Давно, еще в детстве, Додо перенес какое-то тяжелое заболевание мозга и пролежал многие месяцы без сознания, скорей обреченный смерти, чем жизни, а когда, вопреки всему, все же выздоровел — оказался как бы изъятым из обращения и не принадлежащим к сообществу людей разумных. Его образование совершилось частным образом, скорее для проформы и с превеликой сдержанностью. Требования, жесткие и непререкаемые для других, по отношению к Додо словно бы смягчались, поумерялись в строгости и выглядели весьма снисходительными.
Вокруг него создалась некая сфера странной привилегированности, этакая нейтральная зона, оградившая его охранной территорией от натиска и требований жизни. Все, кто находился вне этой сферы, бывали атакуемы житейскими волнами, галдя бродили в них, не сопротивлялись, взбудораженные, вовлеченные, в странном каком-то самозабвении. Внутри же сферы царили покой и пауза, цезура в повальной этой сумятице.
Так он рос, а исключительность его судьбы росла заодно с ним, сама собой как бы разумеющаяся и никем не оспариваемая.

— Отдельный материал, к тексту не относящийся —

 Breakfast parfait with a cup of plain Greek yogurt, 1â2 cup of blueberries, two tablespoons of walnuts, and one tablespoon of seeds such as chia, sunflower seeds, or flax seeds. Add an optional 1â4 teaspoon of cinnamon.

Додо никогда не покупали одежду, к нему переходило ношенное старшим братом. Покамест жизнь ровесников распадалась на фазы, периоды, отмеченные этапными событиями, знаменательными и символическими моментами: именинами, экзаменами, помолвками, повышением по службе — его жизнь протекала в недифференцированном однообразии, ненарушаемом ничем приятным и неприятным, будущее же представлялось абсолютно ровной и однообразной дорогой без внезапностей и событий.

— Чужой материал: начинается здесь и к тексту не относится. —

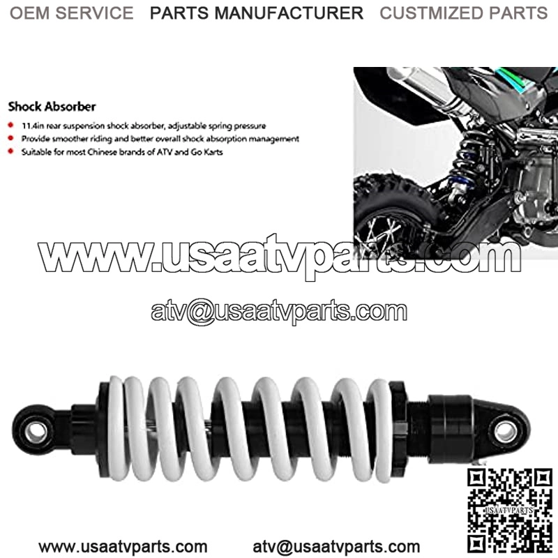 Universal 11.4in rear suspension shock absorber, the spring pressure can be adjusted according to your need.

Ошибется посчитавший, что Додо не соглашался, внутренне сопротивляясь такому положению дел. Он в простодушии своем принимал все как надлежащую форму жизни, не удивляясь, с искренней готовностью, с серьезным оптимизмом, и применялся, находя место частностям в границах бессобытийной этой монотонности.
Ежедневно в первой половине дня он отправлялся гулять всегда одним и тем же маршрутом — по трем улицам, — каковой проходил до конца, чтобы затем тою же дорогой возвратиться. Одетый в элегантный хотя и поношенный костюм брата, заложив за спиной руки, сжимавшие трость, он шествовал с достоинством и неспешно, производя впечатление путешествующего ради собственного удовольствия барина, осматривающего город. Отсутствие торопливости, определенного направления или цели, которые бы угадывались в его движениях, выражалось порой в компрометирующих формах, ибо Додо ничего не стоило зазеваться у входа в магазин или возле мастерской, где колотят и мастерят, или даже возле беседующих на улице людей.
Его физиономия рано стала созревать, и странное дело — меж тем как житейские перипетии и потрясения не перешагнули порога его жизни, щадя ее пустую ненарушенность и запредельную необычность, черты сформировывались переживаниями, его не затронувшими, предопределяли некую неосуществленную биографию, которая, эскизно намеченная по части возможного, моделировала и лепила обличье его как иллюзорную маску великого трагика, исполненную знания и печали всех вещей.
Брови его нависали великолепными дугами, пряча в тени большие печальные глаза, подведенные изрядными кругами. У носа врезались две борозды, исполненные абстрактного страдания и мнимой мудрости, протягиваясь к уголкам губ, а потом и дальше. Маленький пухлый рот был страдальчески сжат, а кокетливая «мушка» на длинном бурбонском подбородке придавала вид пожилого опытного бонвивана.
Не обошлось и без того, что эта привилегированная исключительность была замечена, хищно почуяна хитро затаившимся и всегда алчным на добычу человеческим злонравием.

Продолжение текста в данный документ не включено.